Of course validatiing this data by OpenCDISC 1.5 generates errors for these two data; “Value for ETHNIC not found in (ETHNIC) CT codelist” and “Value for RACE not found in (RACE) CT codelist”.
This modified terminology.txt is encoded by EUC-JP encoding. But OpenCDISC 1.5 interprets delimited text files using platform’s “default text encoding”. EUC-JP is not the default on Windows nor Mac in Japanese locale, so OpenCDISC 1.5 still report same errors, though terminology file now supports the value.
Try applying my patch above, and specify Engine.ControlledTerminology.FileEncoding = EUC-JP on settings.properties file. After that, these errors will disappear.
I’m testing OpenCDISC 1.5 with some dataset with Japanese characters.
OpenCDISC 1.5 can handle Japanese values correctly when it is passed by Dataset-XML format. (but currently .xpt format seems not to be supported yet).

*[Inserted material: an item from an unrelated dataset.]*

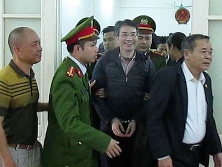 Bước ra từ phòng xét xử, Giang Kim Đạt vẫn tỏ ra tươi vui, khi nhìn thấy người quen bị cáo đã cười.
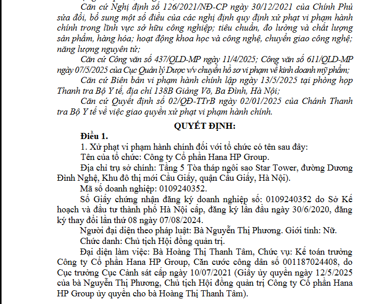 Theo quyết định, Công ty Cổ phần Hana HP Group đã có hành vi kinh doanh hàng hóa trên nhãn có hình ảnh, hình vẽ, chữ viết, dấu hiệu, biểu tượng, huy chương, giải thưởng và các thông tin khác không đúng bản chất, không đúng sự thật về hàng hóa đó đối với sản phẩm là mỹ phẩm: USOLAB VITA ION-C SOLUTION, phiếu công bố sản phẩm mỹ phẩm số: 203251/23/CBMP-QLD), nhập khẩu theo tờ khai hàng hóa nhập khẩu số 105601893611 ngày 24/7/2023, giá trị hàng hóa: 24.809.509 đồng (được Cục Quản lý Dược xác định giá trị tại Công văn số 611/QLD-MP ngày 7/5/2025 và căn cứ theo Điều 60 Luật Xử lý vi phạm hành chính năm 2012).

But still there is a problem to validate datasets with non-ASCII characters. Checking controlled terminologies is done by parsing text files in config/data/CDISC/SDTM/yyyy-mm-dd/ folder, but there is no way to specify character encoding for these terminology files. It will be a barrier when users would like to check their data by localized terminologies.